Failure Prediction in the Internet of Things due to Memory Exhaustion

Mohammad Rafiuzzaman, Julien Gascon-Samson, Karthik Pattabiraman, and Sathish Gopalakrishnan, Proceedings of the ACM/SIGAPP International Conference on Applied Computing (SAC), 2019. Dependable, Adaptive, Distributed Systems (DADS) Track. (Acceptance Rate: 27.5%) [ PDF | Talk ]

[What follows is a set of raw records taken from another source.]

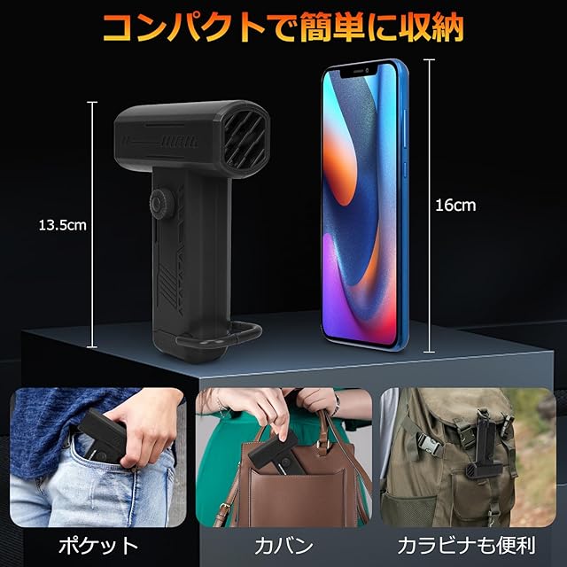 ▼ポケットサイズの革命【驚異の携帯性】 スマートフォン並みのコンパクトサイズ(約12.2×7.7cm)で重量わずか340g。専用収納ポーチに入れれば鞄の中でもかさばらず、付属のカラビナで工具ボックスやバックパックに瞬時に装着可能で、便利にサッと取り出せます。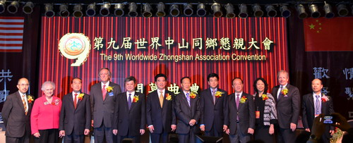 8月26日上午,由美國陽和總會(huì)館主辦的第九屆世界中山同鄉(xiāng)懇親大會(huì)在舊金山隆重開幕,中國駐舊金山總領(lǐng)事高占生,廣東省僑辦主任吳銳成,中山市委副書記、市長陳茂輝,美國屋倫市市長關(guān)麗珍、柏林甘市市長Jerry Deal,苗必爾市市長Marge Colapietro,聯(lián)合城市市長Mark Green、陽和總會(huì)館主席馬金權(quán)等出席開幕式并致辭,三藩市市長李孟賢出席了聯(lián)歡晚宴。來自世界16個(gè)國家和地區(qū)的40個(gè)社團(tuán)近千名海外中山鄉(xiāng)親齊聚一堂,敘鄉(xiāng)誼,談發(fā)展。市僑聯(lián)主席余志勇率領(lǐng)由僑青企業(yè)家和歸僑僑眷組成的民間代表團(tuán)一行17人參加了盛會(huì)。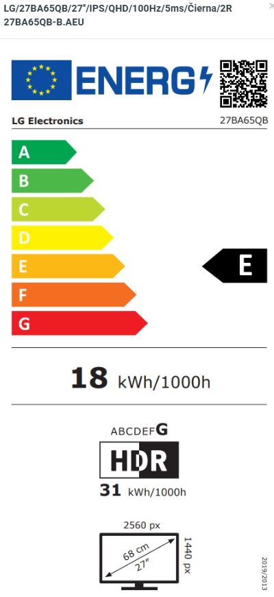27” QHD IPS Monitor s USB-C a s Daisy Chain Typ obrazovky: ,IPS Úhlopříčka [palce]: ,27 Rozlišení: ,2560 x 1440 Rozteč bodu [mm]: ,0.2331 x 0.2331 Obnovovací frekvence [Hz]: ,100 Poměr stran: ,16:9 Povrch displeje: ,Antireflexní Jas [cd/m2]: ,350 Kontrast: ,700:1 Odezva [ms]: ,5 Pozorovací úhly (Horizontál/Vertikál): ,178/178 Počet barev: ,16,7 Reproduktory: ,2x5W Konektory: , *1x HDMI 2.0 *2x DisplayPort 1.4 (1x out, 1x in) *1x USB (PD 65W) *1x USB 3.2 (Upstream) *4x USB 3.2 (Downstream) , Napájení: ,Integrovaný Spotřeba [W]: ,17,6 Stand By režim [W]: ,0,5 Třída energetické náročnosti: ,E Montáž na zeď: ,100x100mm Naklápění monitoru: , *Naklonění: ,5 ~ +21° *Výškově nastavitelné: 150mm *Otočení do stran: ,±45o Barva: ,Černá Rozměry (se stojanem, ŠxVxH mm): ,613.5 x 569.7 x 250 Rozměry (bez stojanu, ŠxVxH mm): ,613.5 x 569.7 x 63 Hmotnost [kg]: ,8,1 Obsah balení: , *Napájecí kabel *DisplayPort kabel Záruka: ,2 Roky Stránky výrobce: ,https://www.lg.com/global/business/monitors-pcs/monitors/lg-monitor/27ba65qb/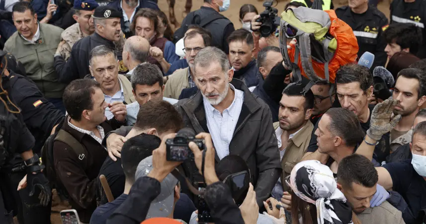 Insultan y lanzan barro a la comitiva de los reyes de España en su visita a ciudades inundadas

Abstract: We present a technique to predict memory exhaustion failures in devices being built for the modern Internet of Things (IoT). These devices can run general purpose applications on the network edge for local data processing for minimizing latency, bandwidth and infrastructure costs, and addressing data safety and privacy concerns. However, being not optimized for all devices, such applications could result in sudden and unexpected memory exhaustion failures because of the limited available memory of those IoT devices. Proactive failure prediction techniques are therefore needed to detect the onset of such failures with sufficient lead time for adaptation of the application or its safe termination. Our memory failure prediction technique for applications running on IoT devices uses k-Nearest Neighbor (kNN) based machine learning models. We have validated our technique using two third-party applications and a real-world IoT simulation application on two different IoT platforms and on an Amazon EC2 t2.micro instance for both single and multi-tenancy use cases. Our results indicate that our technique significantly outperforms simpler threshold-based techniques: in our test applications, with 180 seconds of lead time, failures were accurately predicted with 88% recall at 74% precision for a single application failure and 76% recall at 71% precision for multi-tenancy failure.